Kenneth Kinzler, Se-Jin Lee, and Bert Vogelstein have been elected to NAI Fellow status in the National Academy of Inventors. Kinzler, a professor of oncology, focuses on the genetics of human cancer, and he and his laboratory have identified a variety of genetic mutations that underlie the disease, including mutations of the APC pathway that appear to initiate the majority of colorectal cancers and IDH1/2 mutations that underlie many gliomas. In addition, they have developed a variety of powerful tools for analysis of expression and genetic alterations in cancer. Lee is a professor of molecular biology and genetics and the Michael and Ann Hankin and Partners of Brown Advisory Professor in Scientific Innovation. He is credited with discovering myostatin, a protein that inhibits muscle growth. The primary interest of Lee's laboratory is to understand the role of signaling molecules in regulating embryonic development and adult tissue homeostasis. Vogelstein is the Clayton Professor of Oncology and Pathology and director of the Ludwig Center for Cancer Genetics and Therapeutics at the Sidney Kimmel Comprehensive Cancer Center of the School of Medicine. He is interested in identifying and characterizing the genes that cause cancer and the application of this knowledge to the management of patients.

School of Nursing

Diana Baptiste has been promoted to assistant professor on the practice-education track in the Acute and Chronic Care Department. Baptiste has had a 15-year nursing career providing adult care for diverse populations in community, public health, and acute-care settings.
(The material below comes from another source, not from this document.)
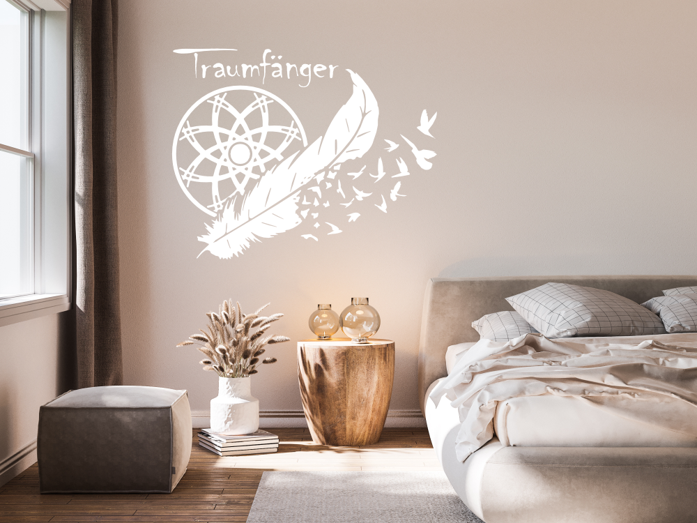 Die Feder mit den davonfliegenden Vögeln und dem kunstvoll gestalteten Ornament kann einen Raum zu einer absoluten Wohlfühloase umgestalten. Kreieren Sie sich einen Ort, an dem Sie zur Ruhe kommen und an dem Sie richtig gut schlafen können. Lassen Sie sich zum Träumen einladen und genießen Sie dank diesem wirkungsvollen Designs eine wahrhaft traumhafte Atmosphäre. Dem Glauben nach, sollen Traumfänger vor schlechten Träumen schützen und den Schlaf verbessern. Um die Gemütlichkeit in Ihrem Schlafzimmer zu erhöhen, bringen Sie das Wandtattoo über Ihrem Bett an. Sie werden sofort spüren, wie wohl Sie sich in einem kreativ eingerichteten Raum fühlen. Das Motiv harmoniert ganz bestimmt auch mit Ihrer restlichen Einrichtung.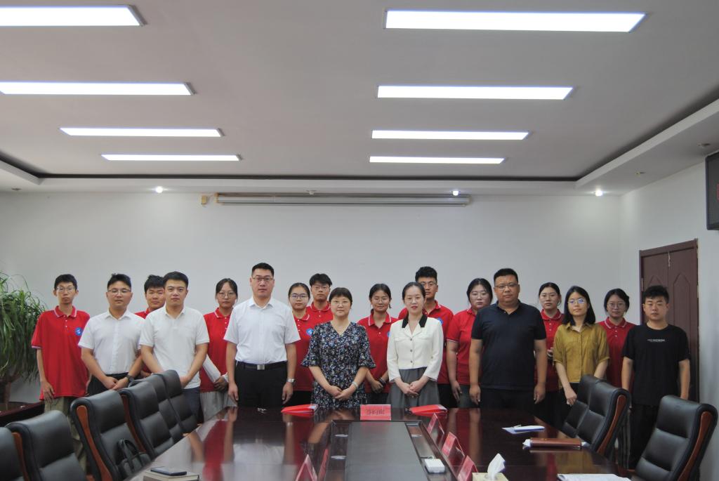7月15日,williamhill英国威廉希尔联合共青团济宁市兖州区委在兖州区新驿镇政府共同举行“williamhill官方网站大学生社会实践基地”签约揭牌仪式。学院党委副书记、副院长高静,学工办主任、团委书记王贝贝,兖州团区委书记刘寒、副书记陈浩男,新驿镇党委副书记王鹏及相关负责同志,学院暑期“三下乡”社会实践学生参加签约揭牌仪式。仪式由陈浩男主持。

Jacquelyn Campbell, the Anna D. Wolf Professor in the Department of Community-Public Health, is featured in "Confronting Violence, Improving Women's Lives," a display, traveling banner, and online exhibition by the National Library of Medicine. The display will crisscross the United States over the next four years.
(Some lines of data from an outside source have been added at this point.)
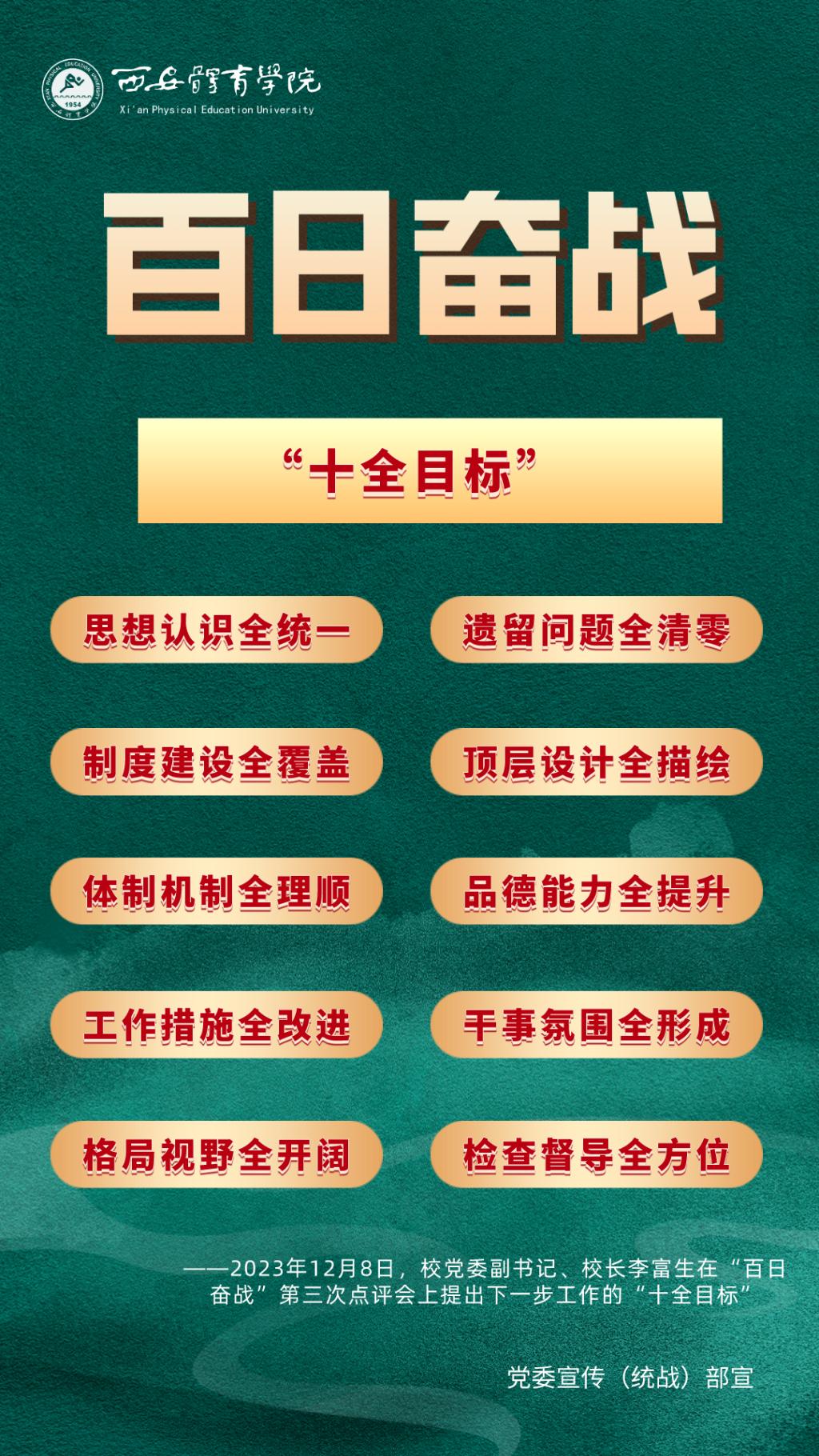 本期推送的是校长李富生在12月8日“百日奋战”第三次点评会上对下一步工作开展提出的“十全目标”。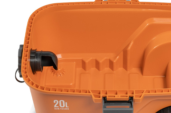 Компактный корпус пылесоса выполнен из современного, ударопрочного пластика с толщиной стенки 3 мм.Стойкий к механическим воздействиям и коррозии.Объем бака 20 литров.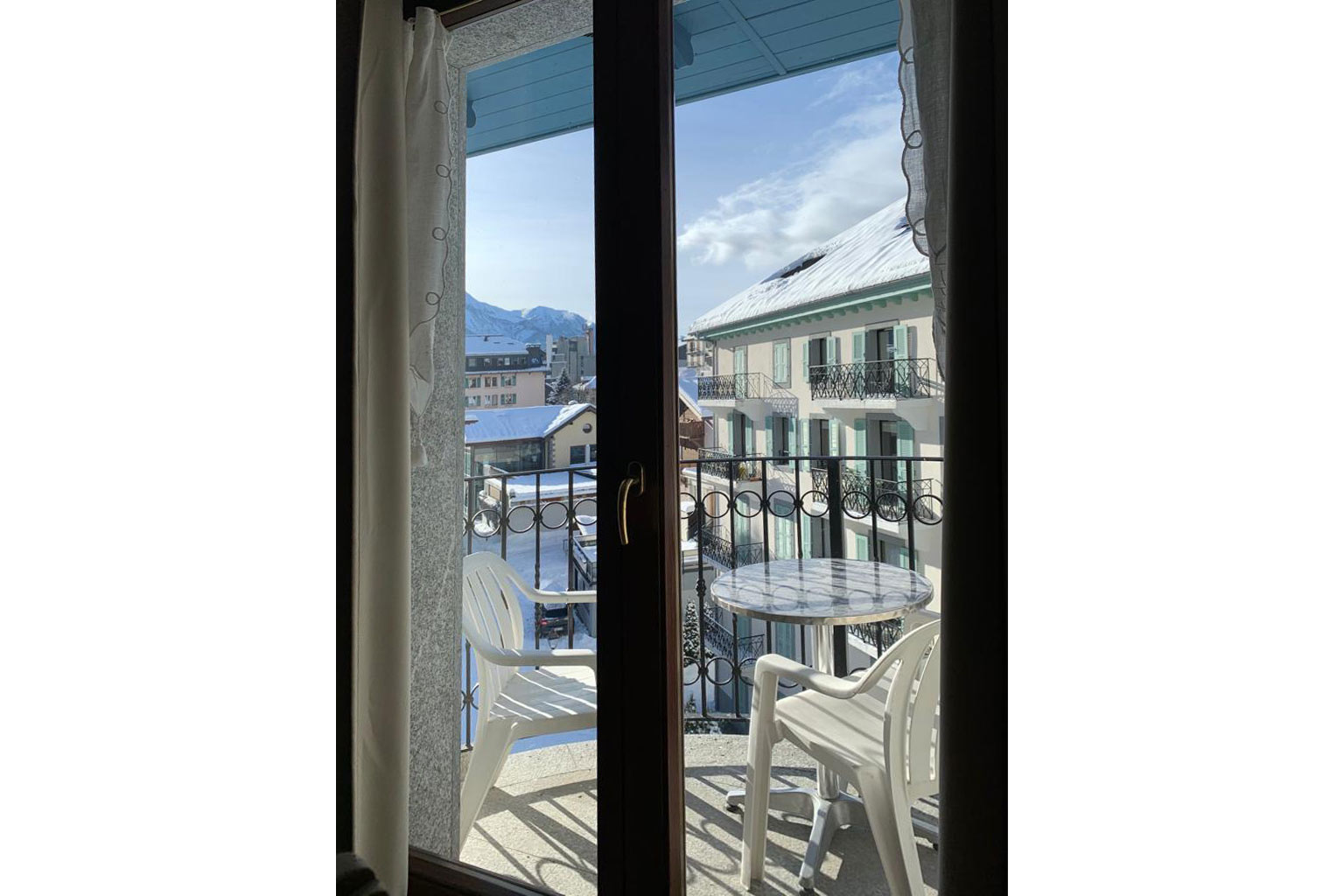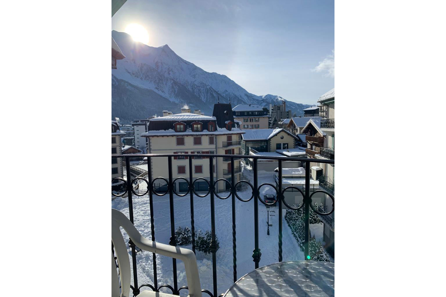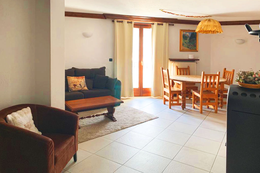 Alpes 43 Apartment is the perfect Chamonix apartment if you want to be right in the centre of town. This central Chamonix apartment sleeps 4 people with one double bedroom and a second twin bedroom. The open plan living dining kitchen is bright and airy positioned on the corner of the building. There is a comfortable sofa, TV, dining table that seats 4, plus a modern kitchen with mirowave oven & dishwasher.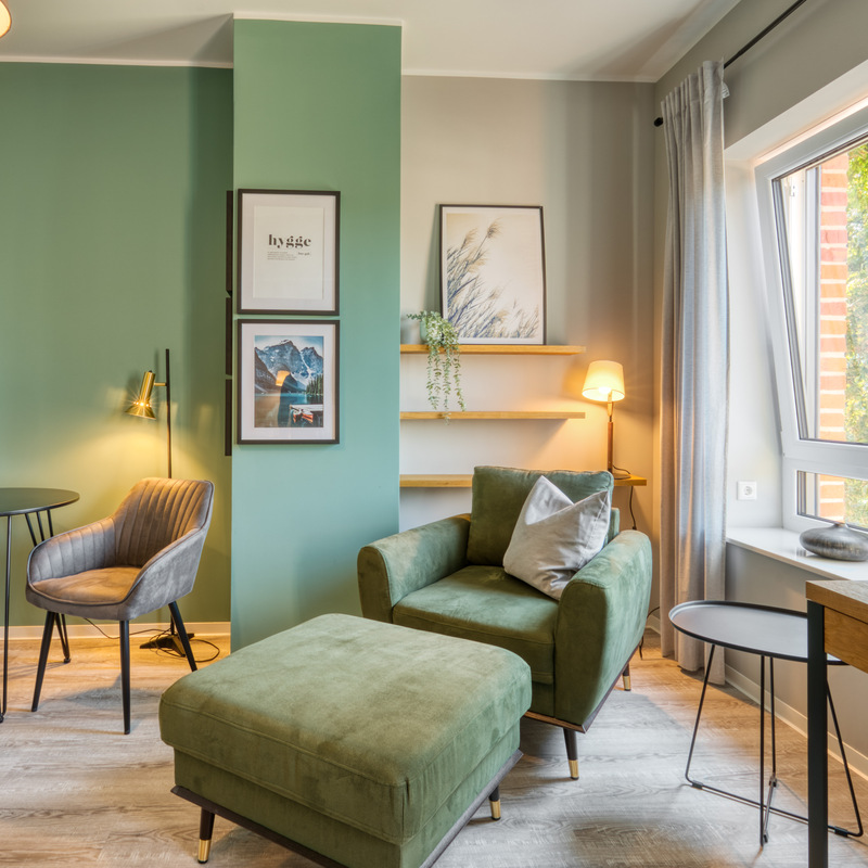 - Tisch mit Stuhl oder Bartisch mit Barstühlen: Ein gemütlicher Ort zum Essen, Arbeiten oder Entspannen.

Laura Gitlin, director of the Center for Innovative Care in Aging, co-authored the book Behavioral Intervention Research: Designing, Evaluating, and Implementing, released in December. Written with Sara Czaja, of the University of Miami, the book sets out examples of a wide range of interventions affecting individuals across the life span and in diverse communities and health systems. Numerous case examples illustrate the theories behind successful behavioral intervention trials.

Scott Greatorex has been named associate dean for development and alumni relations. He will be responsible for the school's fundraising, alumni relations, and overall development strategy. Greatorex joined the university in 2008 as a major gift officer on the Office of Development and Alumni Relations' Regional and International Programs team and in 2011 was appointed director of development for the Regional Major Gifts Program.

Whiting School of Engineering

Two faculty members in Chemical and Biomolecular Engineering have been elected to the American Institute for Medical and Biological Engineering's College of Fellows. They are Jeffrey Gray, a professor, and Sharon Gerecht, the Kent Gordon Croft Investment Management Faculty Scholar and an associate professor. AIMBE Fellows are nominated by their peers and are considered the most accomplished and distinguished leaders in medical and biological engineering.